L’Idéaliste dans sa dernière entrée nous invitait à réfléchir sur la dépendance amoureuse en nous proposant d’écouter une récente émission de France inter là dessus. A vrai dire je n’ai pas eu le temps d’aller écouter mais la phrase qui présentait un des bouquins accompagnant l’émission me paraît des plus sensées : « Et si la dépendance amoureuse n'était pas de l'amour, mais de la dépendance ? Et si, en amour aussi, il fallait grandir pour pouvoir passer de la dépendance à l'individuation ? ».

Et ça m’a donné envie de revenir un peu sur l’amitié amoureuse. L’Idéaliste avait prolongé ma propre entrée sur le sujet, analysant mes mots quasiment comme dans un commentaire de texte ! J’y avais retrouvé beaucoup de choses que je pense et en tout cas cette façon partagée que nous avons de valoriser ce mode de relation et de souhaiter pouvoir le vivre. Mais aussi quelques points sur lesquels il me semble que je diverge. J’avais eu envie de commenter sur le moment mais j’ai laissé passer comme souvent. Alors puisque sa dernière entrée d’une certaine façon m’y ramène, voici :

Une relation d’amitié amoureuse doit-elle obligatoirement passer par une phase plus passionnelle comme semble le dire l’Idéaliste, impliquant ensuite une « défusion » avec tous les risques qu’elle comporte ? Doit-elle au moins partir d’une vive attirance à priori des corps ? Moi je ne crois pas. Il me semble qu’elle peut se bâtir à partir de la relation d’amitié elle même, en être pensé comme le beau complément, ne pas être à priori portée par le désir. Il peut y avoir même quasiment une pointe de volontarisme : on se sent bien ensemble, en complicité, on ne ressent pas spécialement l’attirance des corps, on peut avoir envie d’aller vers elle pour accomplir la relation, faire qu’elle s’épanouisse dans toutes les dimensions possibles. Bien sûr ça peut ne pas marcher et alors il faudra savoir s’arrêter à temps mais ça peut aussi marcher formidablement, le désir peut se construire, il peut se découvrir dans l’approche progressive, à partir des mots qui deviennent des caresses tendres, à partir des caresses tendres qui deviennent un plus vif désir puis la promesse de belles jouissances.

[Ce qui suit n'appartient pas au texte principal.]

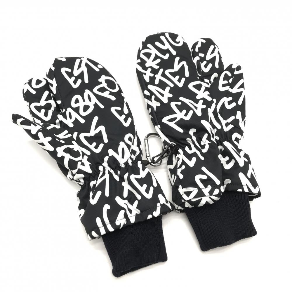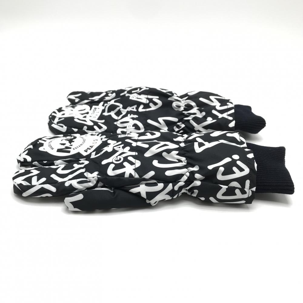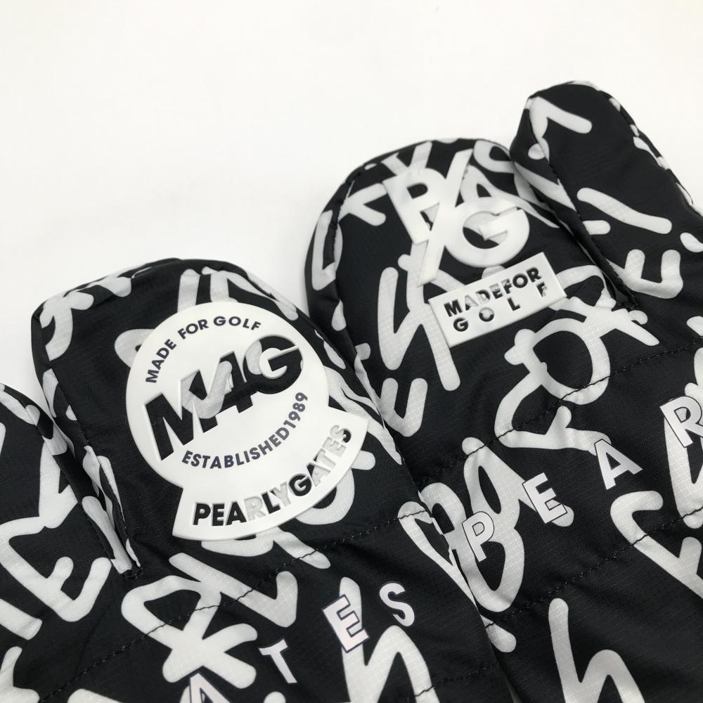 【美品】パーリーゲイツ 手袋 黒×白 ロゴ総柄 ミトングローブ レディース ゴルフウェア PEARLY GATES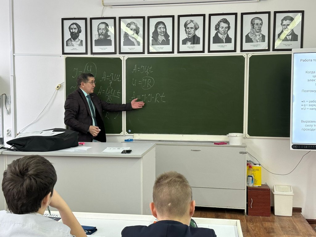 2026 ж. 16 ақпан күні "Мариновка ауылының №1 жалпы білім беретін мектебі" КММ физика пәнінің мұғалімі Шинжанов Баржаксы Казизханович "Математика, Информатика, Физика" онкүндігі аясында 8-сыныпта "Электр тогының жұмысы мен қуаты. Электр тогының жылу әрекеті, Джоуль – Ленц заңы" тақырыбында ашық сабақ өткізді.

La condition il me semble pour que cela soit possible c’est bien que chaque partenaire entre dans la relation en l’ayant précisément bornée, hors dépendance amoureuse, en sachant qu’elle n’est qu’une annexe d’une autre part de la vie, d’une autre relation dont ni l’un ni l’autre des partenaires n’envisage la remise en cause. Elle implique aussi sans doute que les partenaires soient éloignés géographiquement dans leurs vies quotidiennes, que leurs rencontres soient peu fréquentes, qu’elles restent des parenthèses qui n’interfèrent pas ou peu sur le reste de la vie. Une trop grande proximité en multipliant les occasions, risqueraient beaucoup plus de conduire à la remise en cause des équilibres, à des dynamiques déstabilisantes. Évidemment tout ça c’est un schéma, dans lequel de l’imprévu peut venir se glisser, remettant en cause les belles constructions rationnelles. Heureusement d’ailleurs que l’imprévu est possible et qu’il reste du risque, le risque c’est la vie ! Mais lorsque ça peut fonctionner ainsi dans l’harmonie et tant que ça le peut, qu’elles sont belles ces annexes, ces parenthèse, comme elles irradient tout le reste de la vie. Ce sont des annexes du point de vue de la durée, du temps passé ensemble par les « amis amoureux » mais elles sont centrales néanmoins dans leur économie de vie et de désir, elles sont de superbes suppléments d’âme à des quotidiens qui, sans elles, seraient bien plus difficiles à vivre.